Summary
Highlights
The video starts by debunking the recent trend of using Claude Code with Obsidian for RAG. Many videos have promoted this setup, but the presenter argues it's an illusion for production use. He tested Claude with Obsidian using common RAG documents to observe its capabilities in extracting, ingesting, and organizing relations between notes.
The presenter demonstrates Obsidian's generated knowledge graph for fault diagnostics. He aimed for clusters or links around symptoms, but the graph showed a large 'index' cluster linked to everything, offering little practical value for information retrieval. He also noted issues with similar concepts appearing far apart in the graph, indicating poor entity handling.
A test query was made to Obsidian asking for fault diagnostics for a 'self-changing engine speed' symptom. Obsidian provided a long, somewhat accurate but incomplete and partially hallucinated response. Many relevant solutions from the documentation were not included. This highlights Obsidian's inability to precisely retrieve desired information from its generated links.
Obsidian is useful for personal note consolidation and linking, especially with tools like Web Clipper. However, it's not suitable for RAG due to volume issues.
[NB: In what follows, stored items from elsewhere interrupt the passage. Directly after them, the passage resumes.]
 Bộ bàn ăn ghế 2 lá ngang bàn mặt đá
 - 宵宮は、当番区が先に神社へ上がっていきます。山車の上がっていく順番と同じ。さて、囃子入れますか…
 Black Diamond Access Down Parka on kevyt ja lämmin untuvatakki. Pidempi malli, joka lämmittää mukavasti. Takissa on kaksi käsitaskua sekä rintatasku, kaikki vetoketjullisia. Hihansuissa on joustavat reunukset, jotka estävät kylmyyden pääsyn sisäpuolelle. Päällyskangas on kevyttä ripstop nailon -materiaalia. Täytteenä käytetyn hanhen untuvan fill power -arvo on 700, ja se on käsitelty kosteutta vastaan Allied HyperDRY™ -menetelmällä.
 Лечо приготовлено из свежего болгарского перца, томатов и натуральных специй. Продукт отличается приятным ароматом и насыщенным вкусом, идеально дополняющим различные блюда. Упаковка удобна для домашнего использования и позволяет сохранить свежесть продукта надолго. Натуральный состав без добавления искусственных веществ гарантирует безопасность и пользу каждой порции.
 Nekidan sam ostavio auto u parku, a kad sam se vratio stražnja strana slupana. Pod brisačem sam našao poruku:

Obsidian's approach passes the entire document structure as context to the LLM, leading to context saturation, higher costs, slower responses, and 'context rot,' where the LLM forgets mid-context information.
Obsidian's local storage and context-heavy approach make it unscalable and costly for multi-user, production environments. An optimized RAG system, in contrast, targets specific data elements, is cheaper, more scalable, and supports multi-user interaction with persistent memory. Obsidian's auto-generated entities also lack control, leading to an explosion of false relations.
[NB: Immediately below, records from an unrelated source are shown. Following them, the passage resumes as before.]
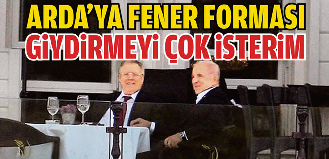 Ünal Aysal: Arda henüz karar vermedi. Kalsın isteriz. Giderse de saygı duyarızFenerbahçe Başkanı Yıldırım'ın, Galatasaray Başkanı Aysal'a "Arda Turan'ın durumu ne oldu? Galatasaray'da kalıyor mu, yoksa Avrupa'ya mı gidiyor?" sorusunu yönelttiği; Ünal Aysal'ın da "Arda henüz bir karar verebilmiş değil. Fatih hocamız ve ben, onun Galatasaray'da kalmasını çok istiyoruz. Ama Arda'nın alacağı karara da saygı duymak zorundayız!" cevabını verdiği belirtildi. Aysal'ın bu sözleri üzerine Aziz Yıldırım'ın da "Gitmesi Türk futbolu için bir kayıp olur. Eğer Galatasaray'dan ayrılırsa, ona Fenerbahçe formasını giydirmeyi çok isterim" dediği öğrenildi.
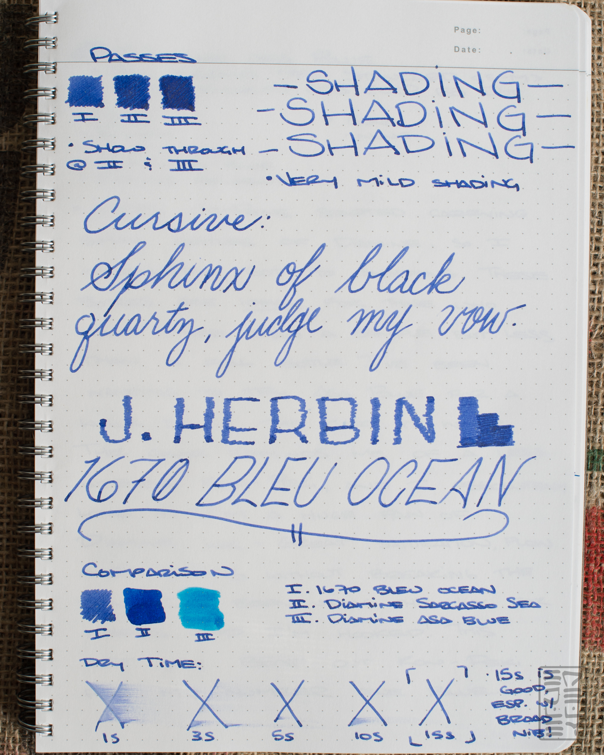 J. Herbin 1670 Bleu Ocean Fountain Pen Ink Review Sheen-6
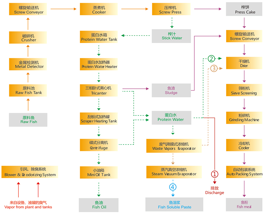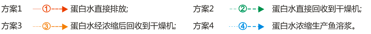 濕法魚粉魚油生產(chǎn)系統(tǒng)對榨汁進行固雜、油水分離后,獲得蛋白水。根據(jù)對分離機出來的蛋白水所采取的不同加工工 藝,可以提供4種不同的魚粉生產(chǎn)線配套方案。
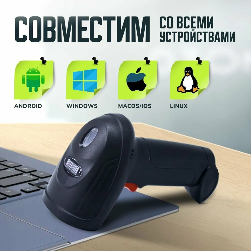 Беспроводной сканер штрих-кода МойPOS MSC-9516W2D, арт. 4534, 2D, черный, без подставки Cradle

Auto-generated entities (e.g., 'Apple' for fruit, company, or typo) lack granularity and can lead to false relationships and polluted searches. The AI forms entities based on textual proximity, not business logic, causing irrelevant information to be retrieved and saturating the context. Lack of normalization further fragments knowledge, making comprehensive retrieval difficult.
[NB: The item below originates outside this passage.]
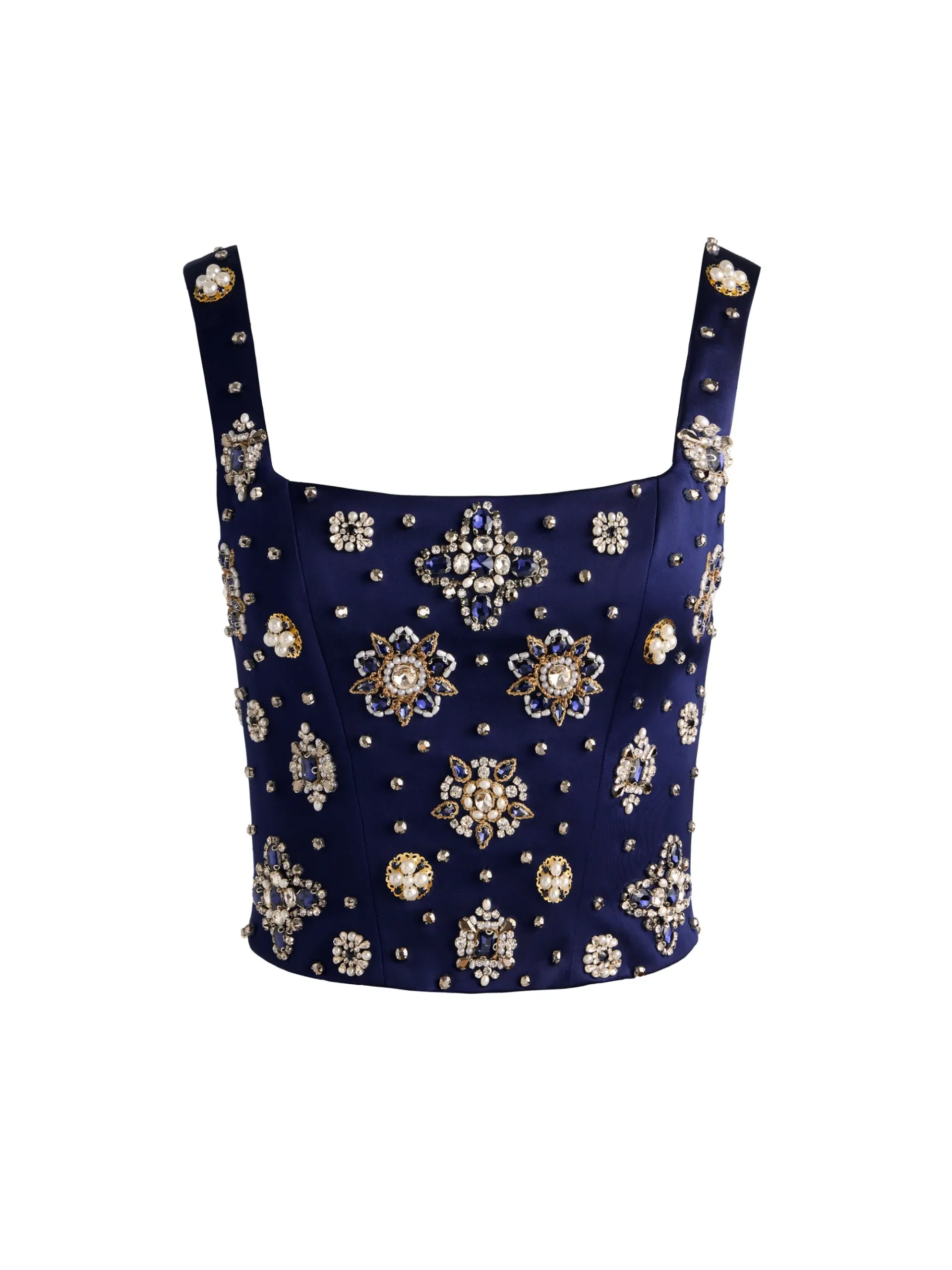 - Crystal and pearl embellishments

Knowledge graphs allow manual navigation, whereas Graph RAG creates relations between small document chunks (based on ontology and entities) for more precise retrieval. An optimized Graph RAG can increase accuracy by 15-25% if entities are intentionally defined. Obsidian's approach is inverse, navigating from the global knowledge graph, making it less effective for specific queries.
Different RAG architectures suit different needs. Structured data benefits from SQL-based retrieval, while hybrid SQL and Vector search is often optimal. Graph RAG excels with multi-document reasoning for distantly related concepts. Regardless of the choice, it's crucial to define an intentional data model and ingestion pipelines to transform raw information into a retrievable base.
For precision in RAG, a data audit is essential to understand business logic and entity relationships, leading to a well-defined data model. This model guides ingestion pipelines to transform documents into a querable base, typically a vector database. This setup is crucial for effective RAG, especially for production, and is further explored in other videos.